To date, more than 10 different types of cell death have been identified, and four major types among them are apoptosis, necrosis, autophagy and entosis [26]. Although motor neuron death in MND is likely to be multifactorial, the final demise of these cells is more likely to occur via a programmed, energy-dependent cell death pathway resembling apoptosis [27]. It is widely accepted that typical morphological changes which occur during the cell apoptosis process include the release of apoptotic bodies, plasma membrane blebbing and nuclear condensation [28]. Molecules regulating these processes thus played important roles in regulating cell apoptosis [29][30][31][32][33][34]. One of the critical regulators of apoptotic cell membrane blebbing is Rho-associated coiled-coil-containing protein kinase (ROCK), which is also part of the EphA4 downstream signalling pathway [20][24][35][36]. ROCK activation has been shown to contribute to membrane blebbing during the eosinophil peroxidase-induced death of lung epithelial cells in vitro [29]. Similarly, in a human umbilical vein endothelial cell (EC) culture system, the application of combretastatin A-4-phosphate (CA-4-P), a tumor vascular-targeting agent, significantly enhanced ROCK signalling activation and its subsequent myosin light chain (MLC) phosphorylation, which were shown to be responsible for the cell membrane blebbing, loss of cell adherence and decreased viability of ECs due to reorganisation of the actomyosin cytoskeleton. These results suggest that this mechanism may underlie the effect of the CA-4-P treatment in promoting tumor EC death and leading to the shutdown of blood flow in tumors in vivo [30].

ROCK and its other substrates have also been reported to regulate the cell death process [31][32][33]. The upregulation of ROCK signalling and the subsequent inhibition of downstream mitogen-activated protein kinases (MAPK) signalling has been shown to promote the loss of cell bipolarity and detachment, resulting in increases in EC death in an EC-fibroblast coculture system in vitro and in xenograft tumors in nude mice growing from a human colorectal cancer cell line in vivo [31]. Another identified ROCK substrate, phosphatase and tensin homologue (PTEN), has been shown to be involved in the protective effect of ROCK inhibition on cardiomyocyte apoptosis [32] and EC survival in the cardiovascular system in vitro [33]. Activation of ROCK signalling is also highly likely to be involved in regulating motor neuron apoptosis in MND. In support of this, Takata and colleagues revealed that inhibition of ROCK by Fasudil or Y-27632 prevented motor neuron death in mouse motor neuron (NSC34) cell cultures and in the lumbar anterior horn in the SOD1 G93A mouse model [34]. Moreover, these two ROCK inhibitors were shown to delay disease onset, prolong the mean survival time and improve functional performance in the SOD1 G93A mouse model [34][37]. A multicentric, double-blind, randomised, placebo-controlled phase 2a clinical trial of Fasudil in 120 MND patients started in early 2019, aiming to assess its safety, tolerability and efficacy (ROCK-ALS trial, NCT03792490, Eudra-CT-Nr. : 2017-003676-31) [38]. In addition, three MND cases have been reported in which fasudil was compassionately used for treatments from 2017 to 2019, demonstrating good tolerance [39]. However, it is unclear how ROCK signalling is activated/regulated in the pathogenesis of MND.

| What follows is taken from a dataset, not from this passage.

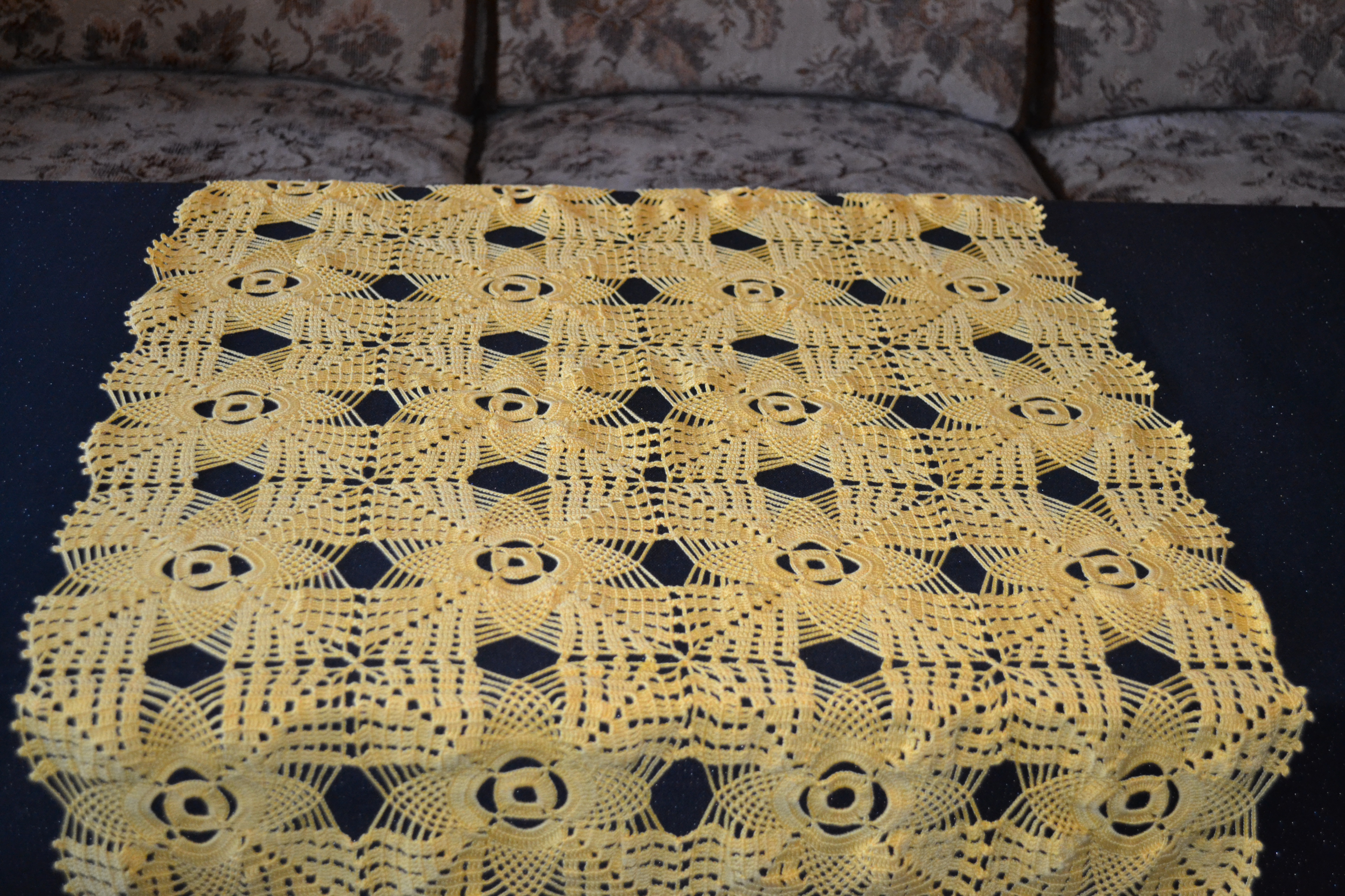 Crocheted tablecloth (own creation) in Lučenec (Slovakia)

Considering that ROCK is part of the EphA4 downstream signalling pathway, the correlation of high expression of the EphA4 receptor with rapid disease progression of MND is consistent with the idea that EphA4 mediates this effect through increased ROCK signalling. The EphA4 receptor tyrosine kinase is expressed on the cell surface and exerts diverse effects through the activation of multiple downstream signalling pathways [40][41]. Following the activation of EphA4, the GTPase Rho family, including Rho, Rac1 and Cdc42, is activated, interacting with its downstream effector proteins to exert different effects [15][36][42][43][44]. ROCK is one of the major effectors for Rho, and their interaction induces conformational changes of Rho and activates ROCK [45]. It has been reported that EphA4 negatively affects axon regeneration after SCI primarily through the Rho/ROCK signalling pathway [15], and the administration of Y-27632 has been shown to increase dendritic branching and axonal regeneration [46]. Similarly, the expression of EphA4 is significantly increased following ischemia-reperfusion in vitro and in vivo, and the activation of EphA4 contributes to the disruption of the blood–brain barrier (BBB) post-ischemic brain injury through Rho/ROCK signalling [24]. In the subarachnoid hemorrhage (SAH) rat model, EphA4 activation has also been shown to be responsible for the neuronal apoptosis and BBB breakdown through the ROCK pathway [35]. Moreover, a reduction in EphA4 has been shown to improve the behavioural function of different ischemic stroke animal models via the inhibition of its downstream Rho/ROCK pathway [24][35][36]. Therefore, it is likely that during MND progression, high expression of EphA4 on motor neurons participates in the increasing motor neuron death by activating the Rho/ROCK downstream pathway.

3. Conclusions

Research to date suggests that EphA4 dysfunction in motor neurons likely contributes to progressive cell death directly in MND pathology. However, the underlying mechanism remains unclear. Here, we raise three potential mechanisms: EphA4 downstream Rho/ROCK signalling activation, EphA4-mediated d -serine-related NMDAR dysfunction and EphA4-dependent altered Ca 2+ currents. Further investigations are required to determine which mechanism plays the major role in regulating the EphA4-induced effect on motor neuron death in MND. Considering that EphA4 can bind to almost all ephrin ligands, different types of ligand-induced EphA4 activation may exert the same effect on motor neuron survival with different preferences for mechanisms, depending on the tissue- and cell-type specificity. These findings also indicate that mEphA4-Fc is likely to be an effective therapy for MND, due to its ability to competitively bind all EphA4 ligands. The related research into this mechanism could provide insight into combination drug therapies to further improve the therapeutic outcomes for MND patients.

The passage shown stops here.